1 to 3 show an embodiment of the present invention, in which FIG. 1 is a longitudinal cross-sectional view, FIG. 2 is a cross-sectional view, and FIG. 3 is an enlarged view of essential parts. FIG. 4 is an enlarged view of main parts showing another embodiment of the present invention. 1...Harmonic reducer, 2...Internal gear, 3...Internal gear, 4...External gear, 5...Flexible gear, 6...

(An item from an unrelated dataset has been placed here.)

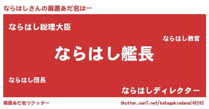 | 意味不明あだ名 | 『ならはしフォーエバー』『自称ならはし』 |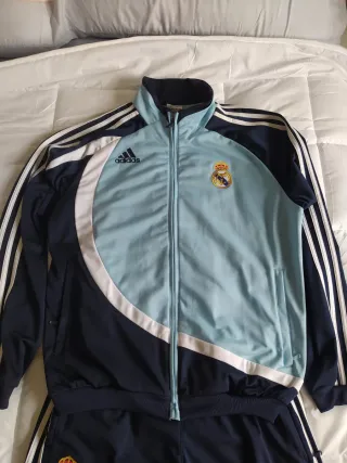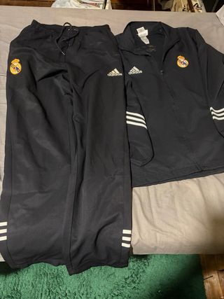Conjunto deportivo Adidas del Real Madrid en talla XL. Diseño moderno con detalles en contraste. - Tejido cómodo y transpirable. - Escudo del equipo. - Cintura elástica con cordón ajustable. - Cremallera en los bajos del pantalón. - En perfecto estado de conservación. - Envíos sólo vía Inpost

Input mechanism, 13...Sliding surface, 14, 14'...Plunger, 14a...Tip surface, 15...Rotor,
16... Plunger biasing means, 26, 26'...
Pressure fluid guideway, 27...static pressure bearing, 29...
Orifice.

Claims (1)

[Claims] 1. A ring-shaped internal gear having inward facing teeth, a flexible gear having outward facing teeth disposed inside the internal gear so that the axes coincide with each other, and the flexible gear being elastically deformed to The harmonic reducer includes an input mechanism that partially meshes outward teeth with the inward teeth and sequentially moves the meshing position in the circumferential direction, the input mechanism being connected to the inner teeth of the flexible gear. an annular sliding surface provided on the periphery; a rotor that is rotatably provided inside the flexible gear and holds a plunger retractably in a portion corresponding to the sliding surface;
plunger biasing means for pressing the plunger against the sliding surface using hydraulic pressure to elastically deform the flexible gear in a direction in which it meshes with the internal gear; A contact surface is formed into a spherical surface having the same curvature, and a pressure fluid guide path is provided to guide a part of the pressure fluid for urging the plunger to the tip surface of the plunger via an orifice. A harmonic reducer characterized by forming a hydrostatic bearing between the sliding surface and the sliding surface.